• Aim of the task: Would you give the listing back word for word once its pictures are removed?

• Dataset content:
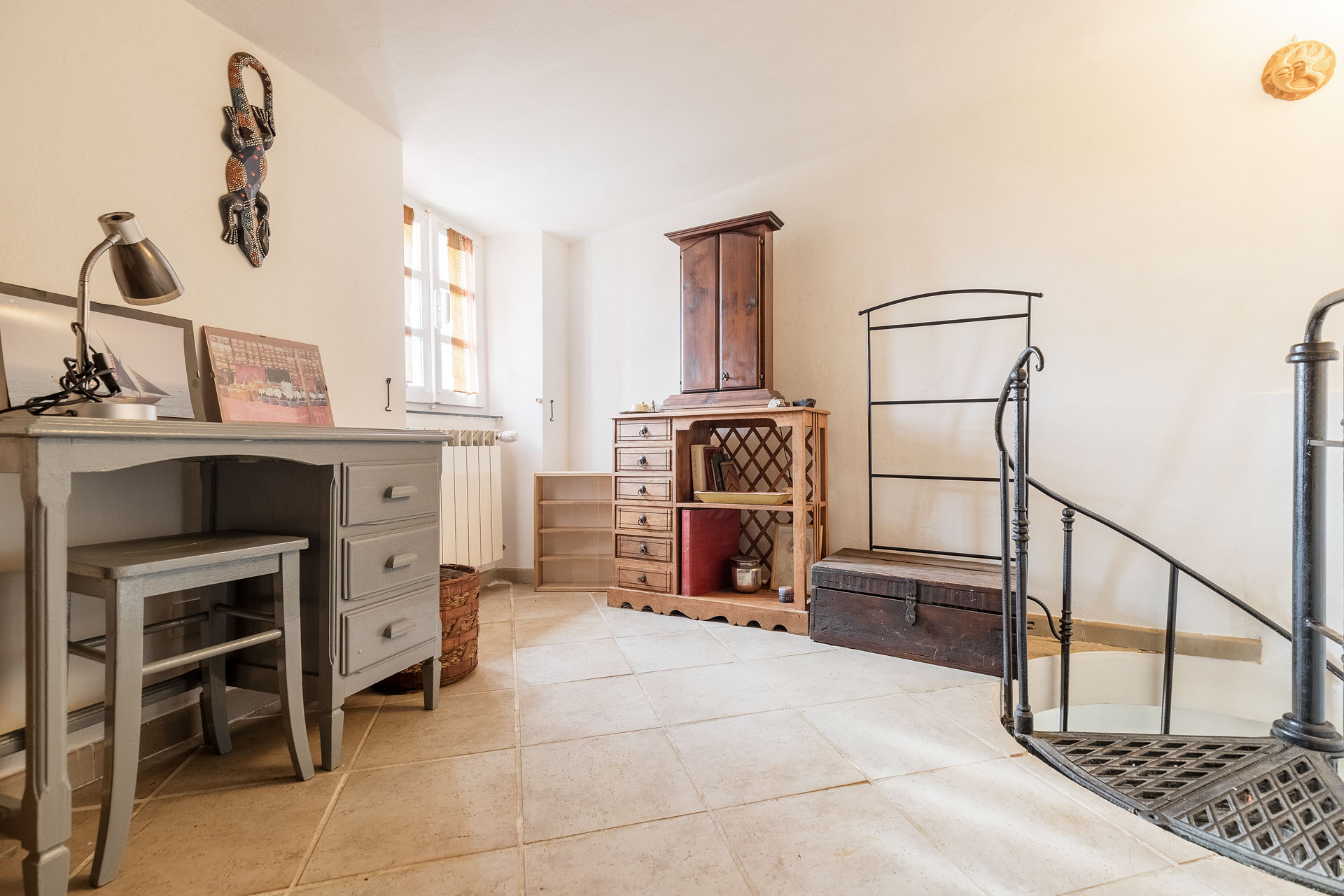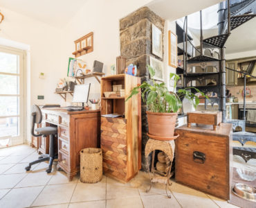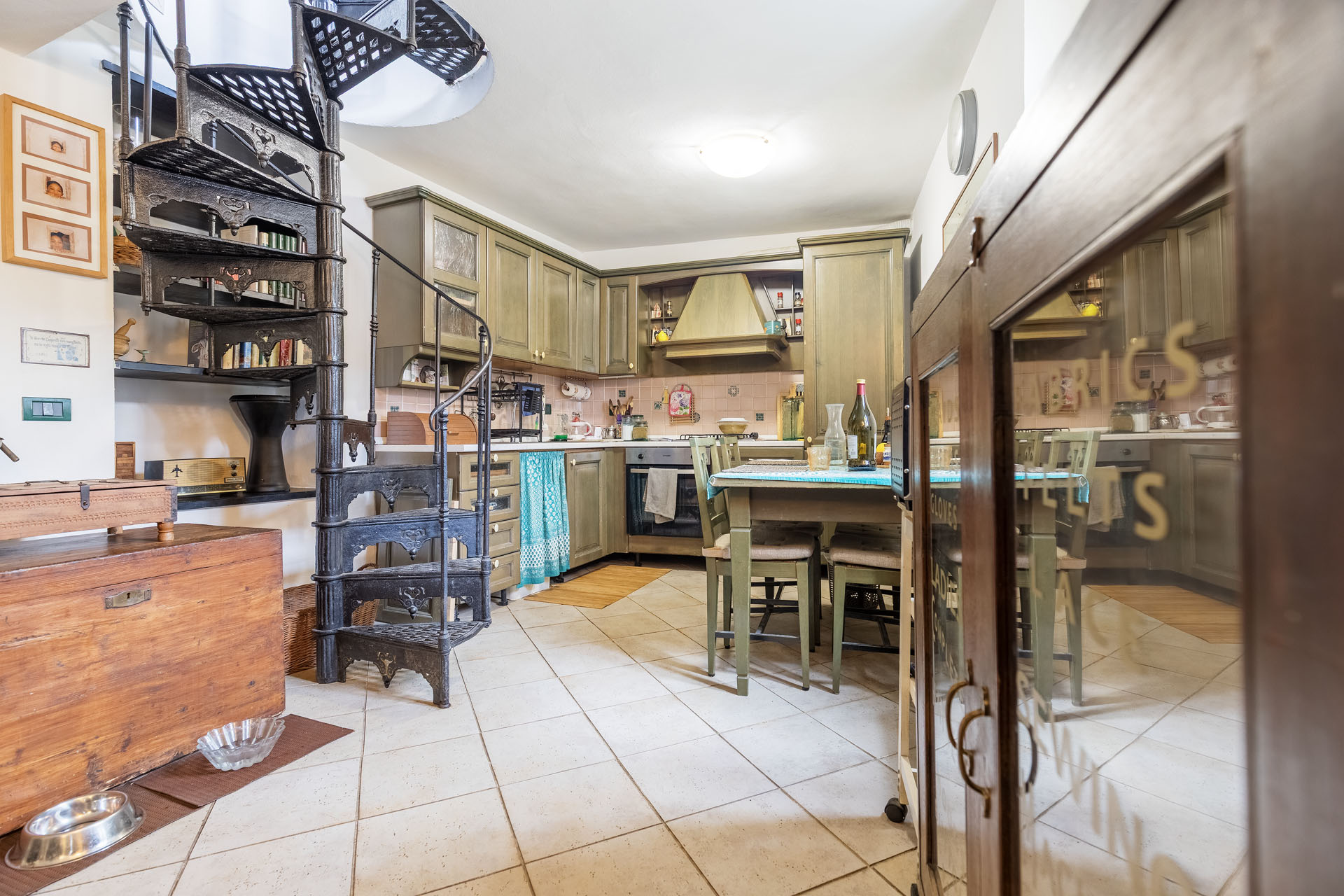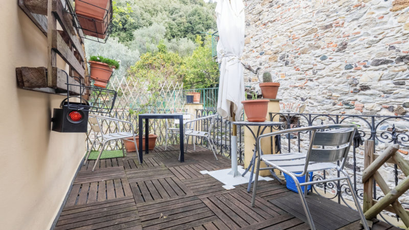 Mentre gli spazi esterni di proprietà sono la scalinata che conduce al balcone panoramico e una bella terrazza sul retro della casa, entrambi accessibili dal soggiorno.
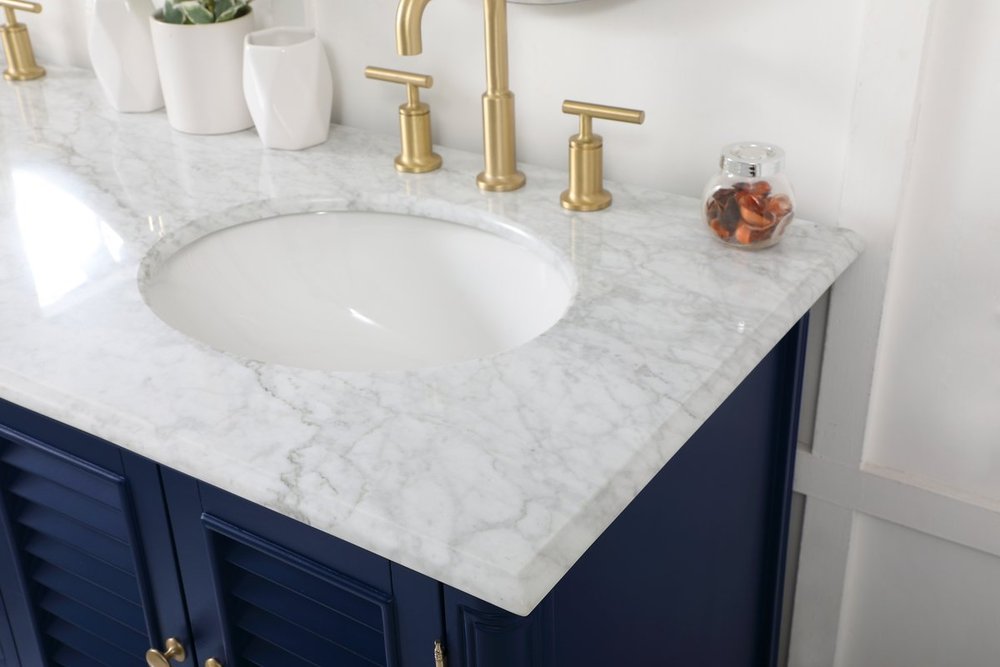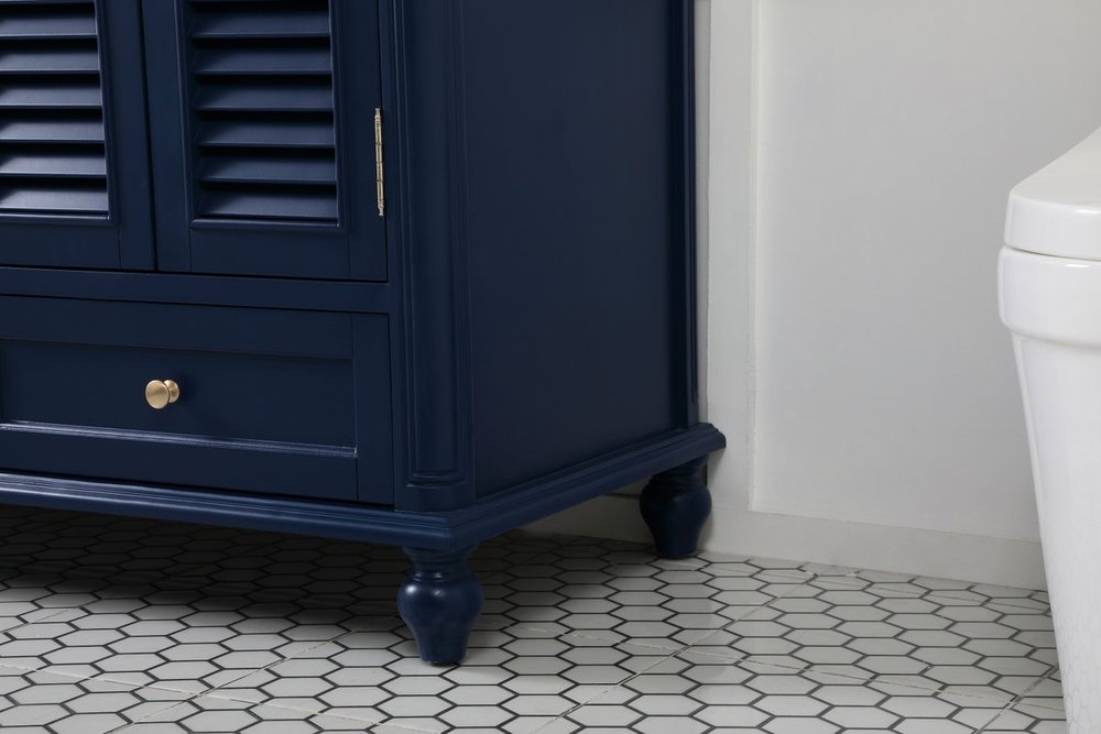 The Rhodes collection compact vanity will add lovely sophistication and complement any small bathroom or powder room, while utilizing its charm and function to provide you with ample storage spaces. Metal round knobs gently adorn the shuttered cabinet door and drawer at the base, allowing for you to store away your bathroom essentials. The Carrara white marble countertop, porcelain undermount sink, dignified subtle engravings on the side edges, and rounded legs all come together to create contemporary beauty. Work with your space, and design a beautiful room, no matter the size.
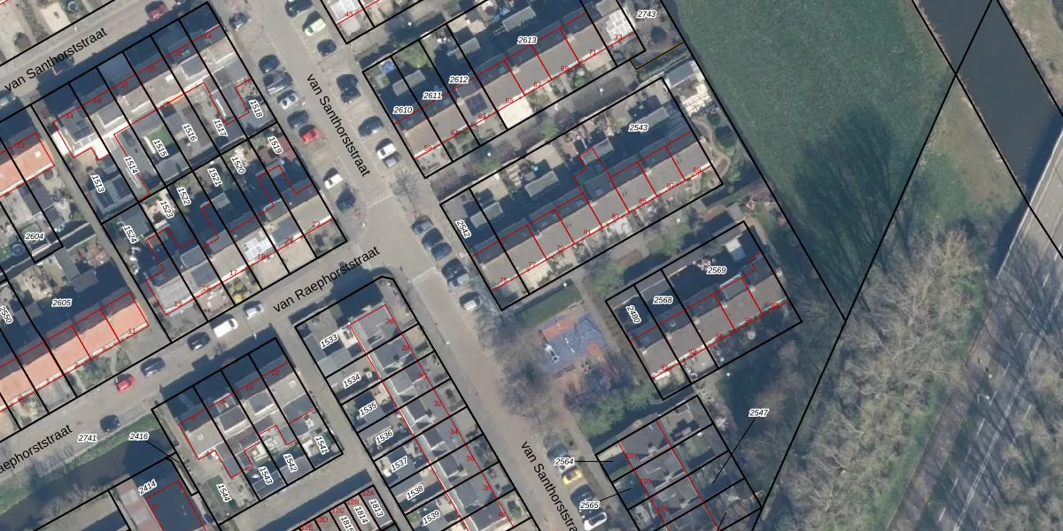 Het perceel waarop van Santhorststraat 77 staat heeft een oppervlakte van 970 m². Dit is een groot perceel. De perceeloppervlakte wordt geregistreerd door het Kadaster. Gedetailleerde informatie over de maten van dit perceel kunt u vinden in het rapport Kadastrale kaart met maatvoering van van Santhorststraat 77.

• Answer to this exercise:
 Mentre gli spazi esterni di proprietà sono la scalinata che conduce al balcone panoramico e una bella terrazza sul retro della casa, entrambi accessibili dal soggiorno.
 The Rhodes collection compact vanity will add lovely sophistication and complement any small bathroom or powder room, while utilizing its charm and function to provide you with ample storage spaces. Metal round knobs gently adorn the shuttered cabinet door and drawer at the base, allowing for you to store away your bathroom essentials. The Carrara white marble countertop, porcelain undermount sink, dignified subtle engravings on the side edges, and rounded legs all come together to create contemporary beauty. Work with your space, and design a beautiful room, no matter the size.
 Het perceel waarop van Santhorststraat 77 staat heeft een oppervlakte van 970 m². Dit is een groot perceel. De perceeloppervlakte wordt geregistreerd door het Kadaster. Gedetailleerde informatie over de maten van dit perceel kunt u vinden in het rapport Kadastrale kaart met maatvoering van van Santhorststraat 77.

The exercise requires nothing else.